I don't know, this one is a little novel. I've never seen the developer of a Buddhist meditation app discuss whether to use LLMs with a paragraph like:

> Pariyatti’s nonprofit mission, it should be noted, specifically incorporates a strict code of ethics, or sīla: not to kill, not to steal, not to engage in sexual misconduct, not to lie, and not to take intoxicants.

Not a whole lot of Pali in most LLM editorials.

akoboldfrying•43m ago

> not to engage in sexual misconduct

I must remember to add this quality guarantee to my own software projects.

My software projects are also uranium-free.

pixelmelt•48m ago

I dunno, I enjoyed reading about how the author personally feels about the act of working with them more then the whole "is this moral" part.

bambax•1h ago

> Translators are busy

No they're not. They're starving, struggling to find work and lamenting AI is eating their lunch. It's quite ironic that after complaining LLMs are plagiarism machines, the author thinks using them for translation is fine.
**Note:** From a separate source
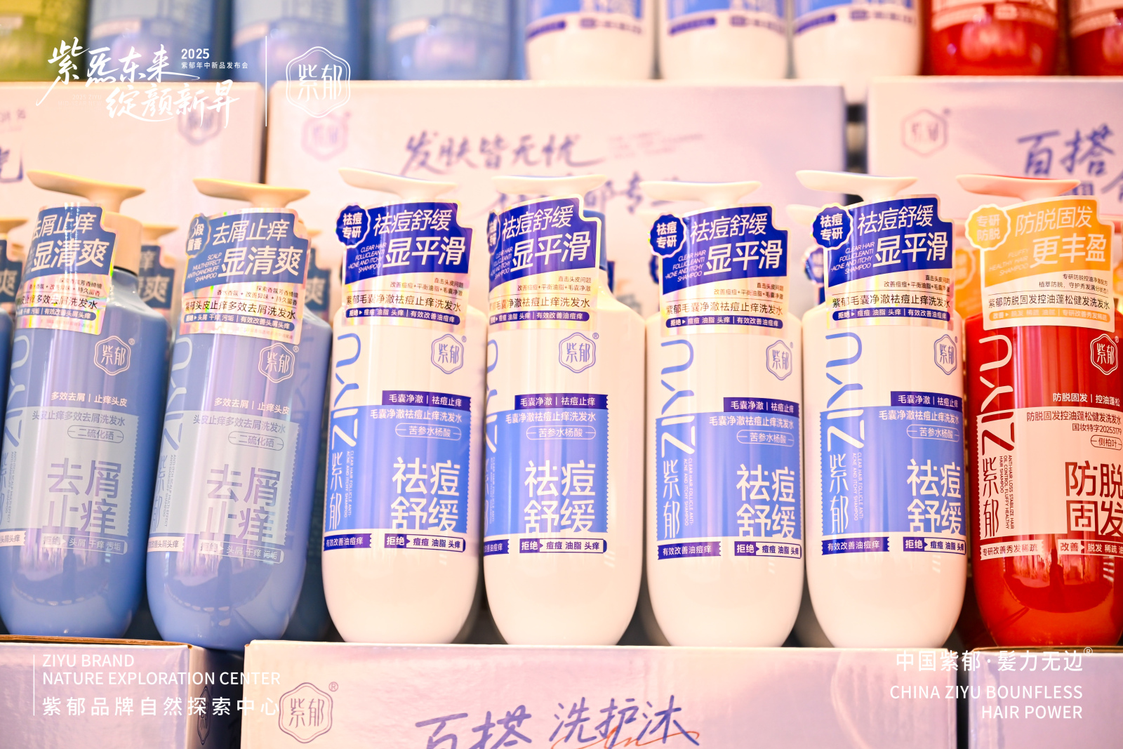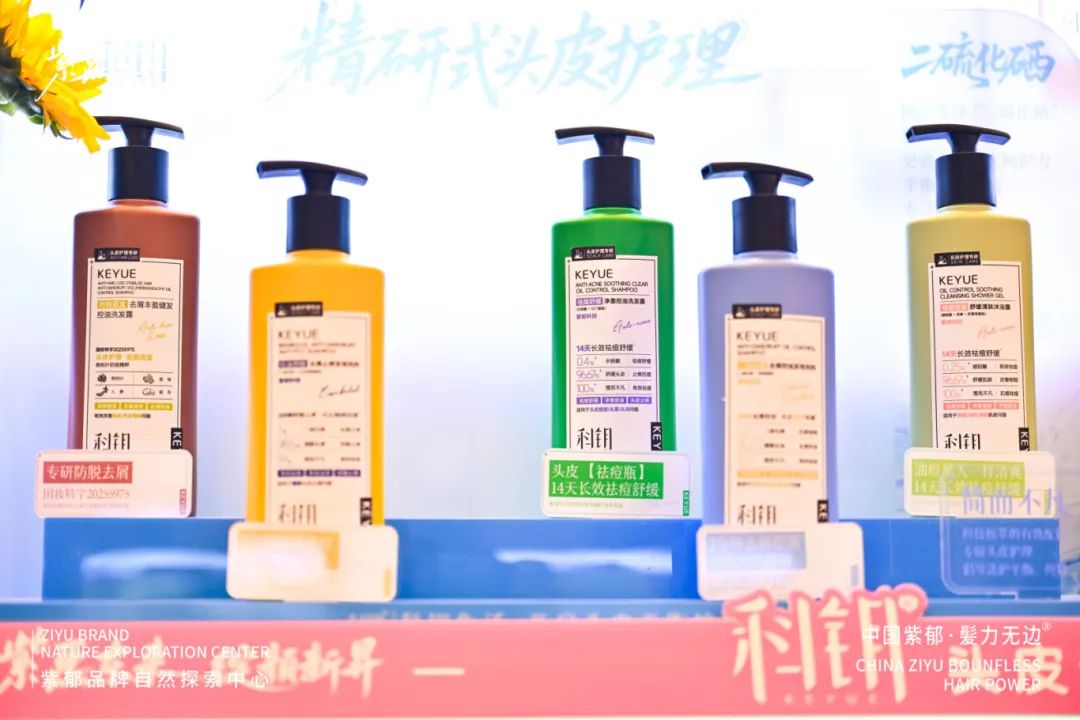 本次发布会焕新上市了紫郁品牌的经典系列产品,如紫郁经典洗头屑系列、初枧双舱黑科技洗护系列、初枧俪丝娅系列、科钥头皮科研专护系列、馥郁鲜花纯露养护系列等产品线。

"LLMs are evil! Except when they're useful for me" I guess.

beering•35m ago

Simultaneously, if you hire human translators, you are likely to get machine translations. Maybe not often or overtly, but the translation industry has not been healthy for a while.

woeirua•50m ago

>As a quick aside, I am not going to entertain the notion that LLMs are intelligent, for any value of “intelligent.” They are robots. Programs. Fancy robots and big complicated programs, to be sure — but computer programs, nonetheless. The rest of this essay will treat them as such. If you are already of the belief that the human mind can be reduced to token regurgitation, you can stop reading here. I’m not interested in philosophical thought experiments.

I can't imagine why someone would want to openly advertise that they're so closed minded. Everything after this paragraph is just anti-LLM ranting.

acjohnson55•42m ago

It was actually much less anti LLM than I was expecting from the beginning.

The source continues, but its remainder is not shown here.